Work item: Would you copy each line of the data below that has "Goethe"?

Stored entries:
◇ ◇ ◇ ◇ ◇ ◇ ◇
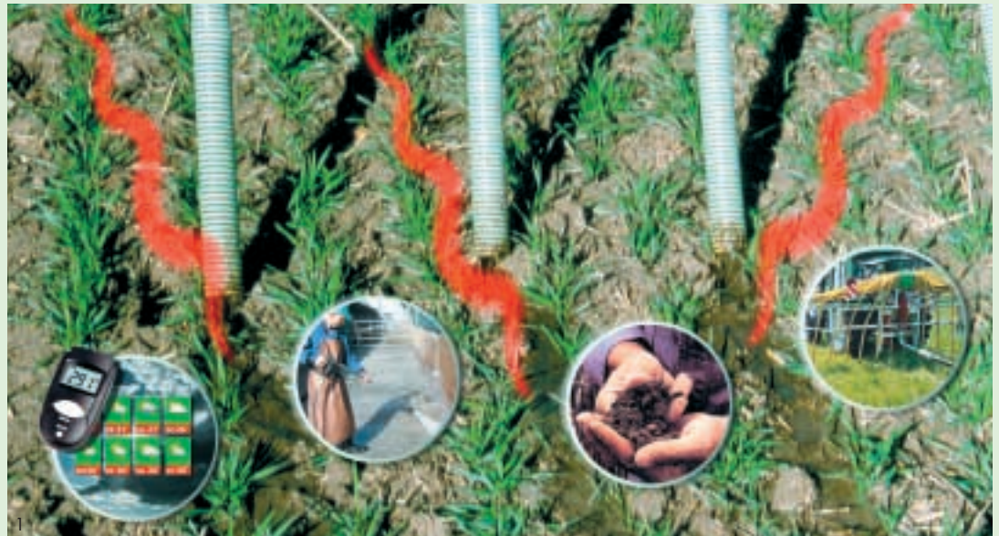
Ausbringzeitpunkt, Verdünnung der Gülle, Bodenzustand und Vegetation sowie die Ausbringtechnik beeinflussen die Ammoniakverluste bei der Hofdünger-Ausbringung.

In der Nacht ist die Luftfeuchtigkeit in der Regel höher und die Temperatur geringer als tagsüber. Deshalb geht bis zu 50 % weniger Ammoniak-Stickstoff verloren, wenn die Gülle abends ausgebracht wird.
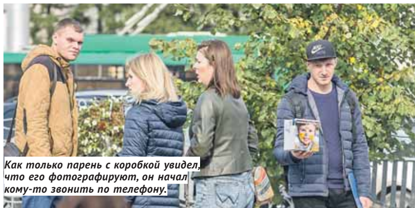
Как только парень с коробкой увидел, что его фотографируют, он начал кому-то звонить по телефону.

Это явление напоминает «прилив-отлив»: то накатит мутной пеной, то уберётся восвосяси, недовольно ворча. Сейчас вновь накатило — на центральных улицах и в Первомайском сквере появились тёмные личности с прозрачными коробками, которые собирают деньги «на детей» от имени Русфонда.
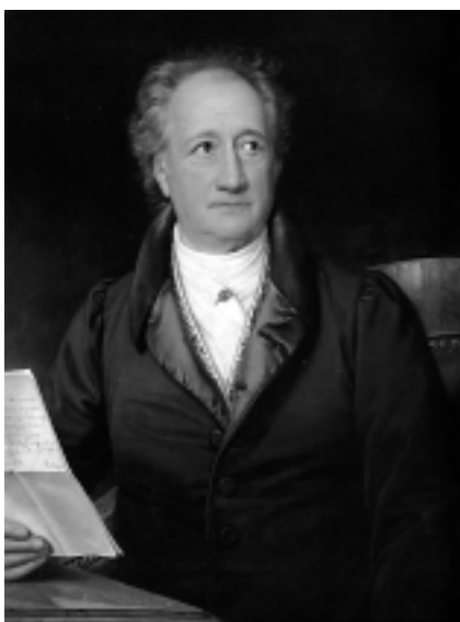
Johann Wolfgang von Goethe (1749-1832), escritor e pensador alemão

Antes de ser imortalizado por Goethe, o mito de Fausto teve um sem número de versões e um antecedente histórico. A lenda do homem que assina um contrato com o Diabo em troca de sucesso é bem mais realista, se considerarmos o período da história em que a prática de feitiçaria e a magia eram comuns entre os conhecimentos clássicos.
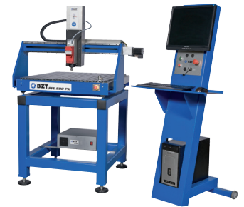
BZT PFE 500 mit Steuerungspult BZT PFE 500 with controlling device
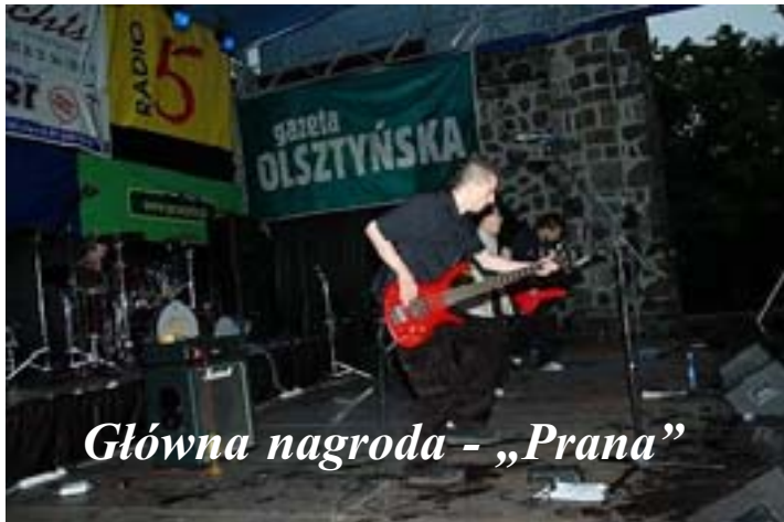
Główna nagroda - „Prana”
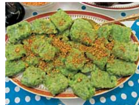
9. Шумовкой собираем Ингъар-пол на блюдо, поливаем маслом и посыпаем орехами
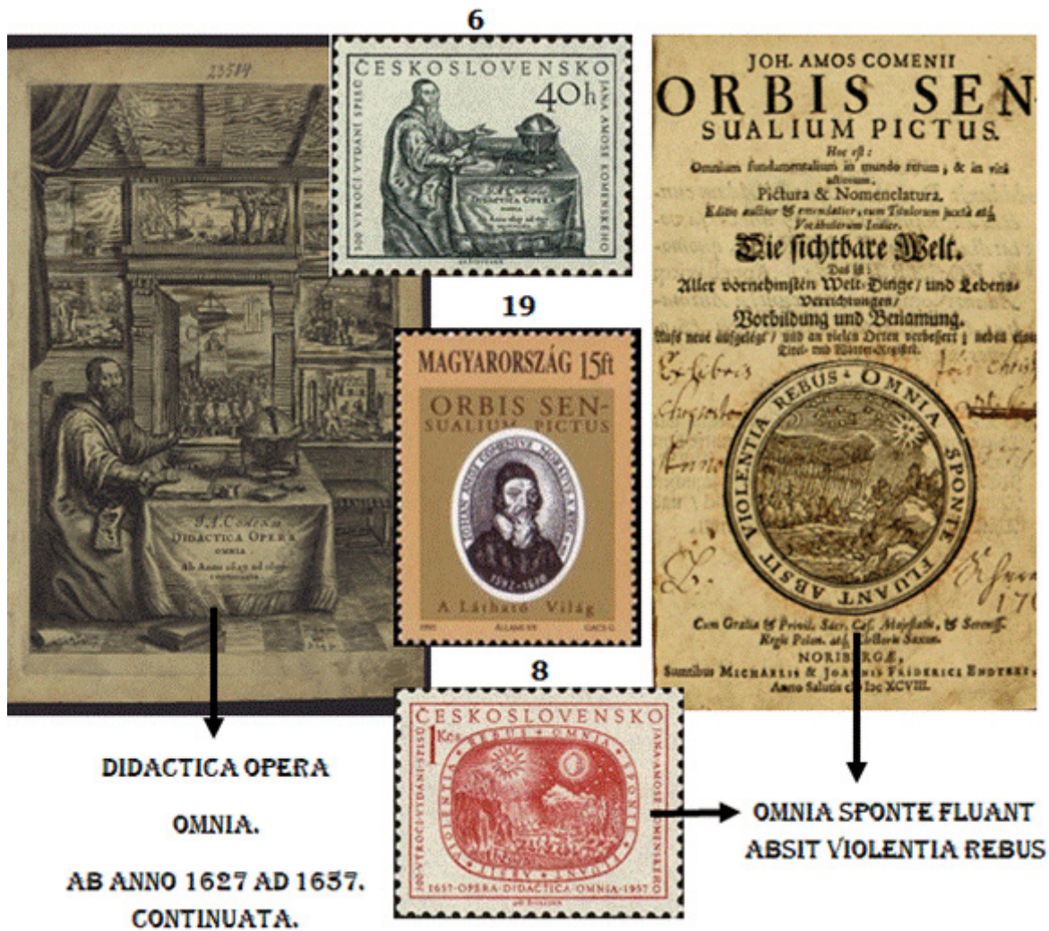
Figura 4. Filatelia, Opera didactica omnia y Orbis sensualium pictus .

El mundo en imágenes se organiza en ciento cincuenta y dos capítulos que dan cuenta de la organización del conocimiento y de la percepción de
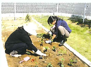
<園芸ボランティア>

ここでは当院のボランティア活動の様子の一部をご紹介します。当院のボランティアさんは黄色いエプロンが目印です。
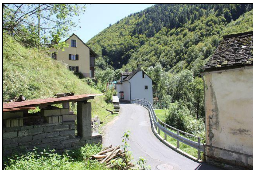
Vista est con giardino sotto / Ostblick mit untenliegendem Garten
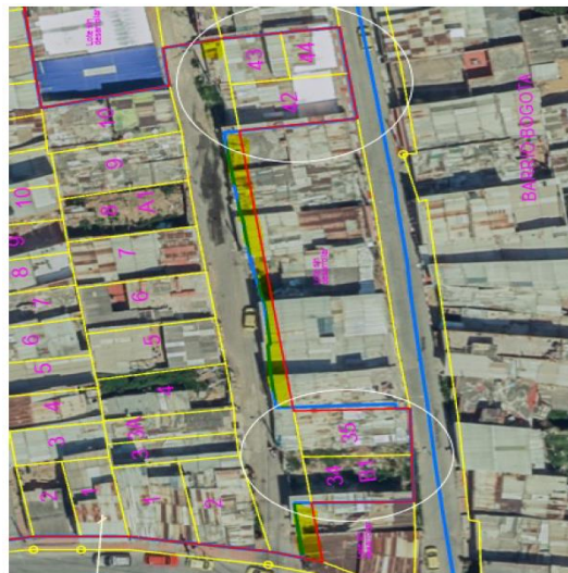
Imagen No. 2 Lindero (Rojo) y loteo (Amarillo) plano desarrollo Bogota II

EVITE ENGAÑOS: Todo trámite ante esta entidad es gratuito, excepto los costos de reproducción de documentos. Verifique su respuesta en la página www.sdp.gov.co link "Estado Trámite". Denuncie en la línea 195 opción 1 cualquier irregularidad.
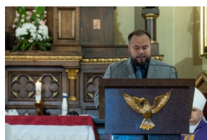
Biogram zmarłego kombatanta przybliżył Paweł Skrók z IPN Lublin.
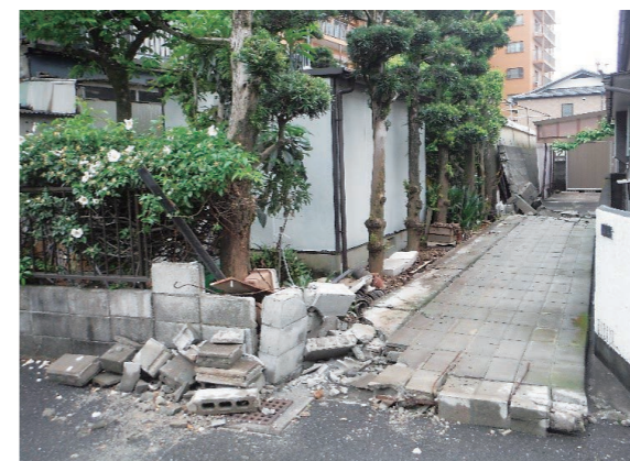
熊本地震でブロック塀が崩れた様子
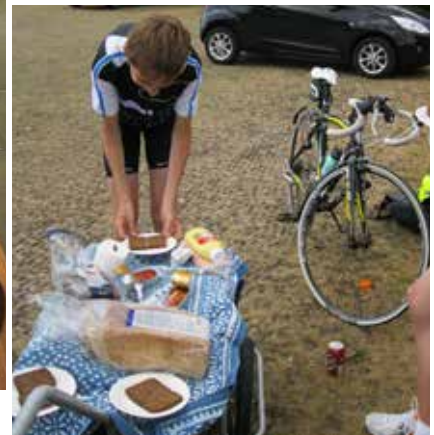
eller et "festmåltid" på cykelturen .....
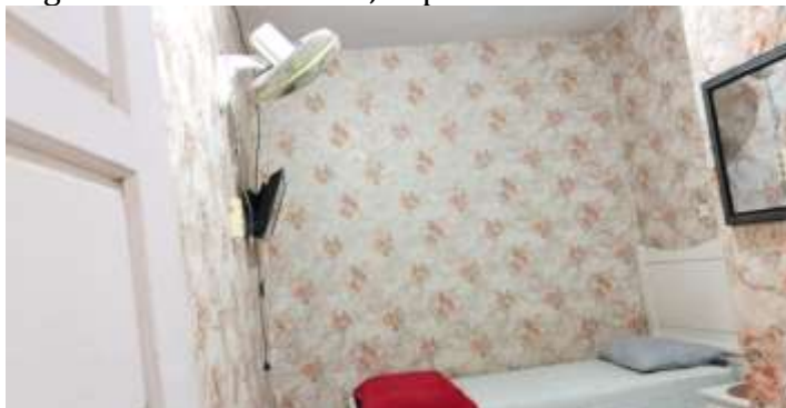
Gambar 4. Fasilitas Kamar Standars
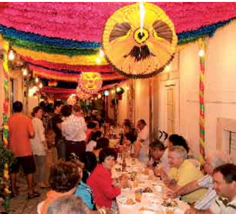
Festas dos Santos Populares
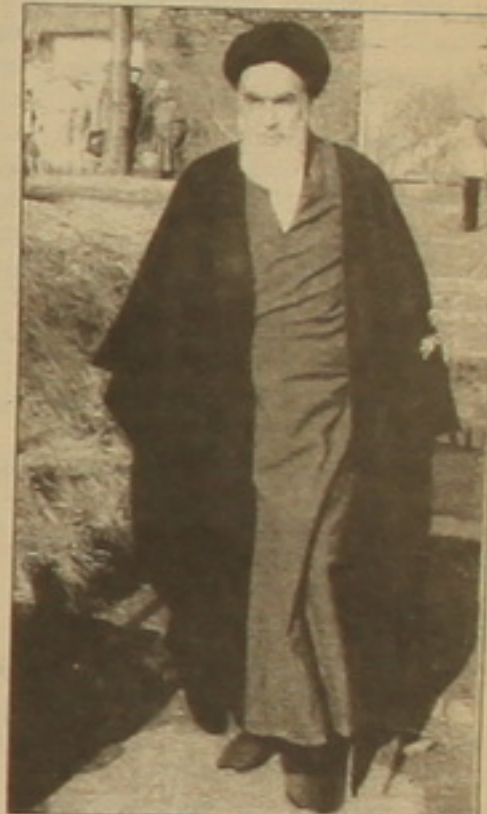
ուում սիրող անիճխանությանը, ֲրա- սերությունների ղործակալների փաղ- փաղի աճխասանղներին եւ աղա Ա- րեւմուսի դղղմամբ Իրախի աղբսիա- ղի կասեցմանը: Գարյուր հաղաղաղոր ղոների, բյուրաղոր հաճանղղամների սառաղանի եւ արյան ղնով երկրը փրկվեց ղալթումից ու կործանու- մից:

Իրանի Իսլամական հեղափոխու- թյան ղաճանական իրաղարծություն- ներից ընդամենը մի սարի առաջ շա- հական Իրանը սարածաւրջանի հղորդույն ղազմական ղեճու- թյունն էր, իր բանակի եւ ֲղային ու- ճերի հղորդությամբ աճխարհում ղա- վելով 5-րդ սեղը: Իրանյան արյունա- րու «Սավաթ» ղաղճնի ճառաղարչու- նը աճխարհի բոլոր անկյուններում ղործակալների ու վարծու մարղա- ղանների ցանցեր ուներ, որոնք տղա- նություններ, կասկածելի մախեր, ղայթեցումներ, առեւանղումներ էին իրաղործում անենաղոր շախի փաղա- փական հակառակորդների դեմ: Փե- լելի դինաստիան, միլիարղավոր ղղ- լարների հասնող շարճական ու ան- շարճ հարսություններ էր կուսակել երկում ղործող ղրամաղուղիների մեծ մաղը հանծնելով ամերիկյան բանկերի մախան սծֲրիճությունը: Ի- րանի սարածղը վեր էր ածվել լրճեսա- կան, ախաբելչական, ղազմական ղործողությունների մի բաղայի հա- րեւան երկրների, ղեճությունների ու ճողղուղների դեմ:
◇ ◇ ◇ ◇ ◇ ◇ ◇
Problem solution:
Johann Wolfgang von Goethe (1749-1832), escritor e pensador alemão
Antes de ser imortalizado por Goethe, o mito de Fausto teve um sem número de versões e um antecedente histórico. A lenda do homem que assina um contrato com o Diabo em troca de sucesso é bem mais realista, se considerarmos o período da história em que a prática de feitiçaria e a magia eram comuns entre os conhecimentos clássicos.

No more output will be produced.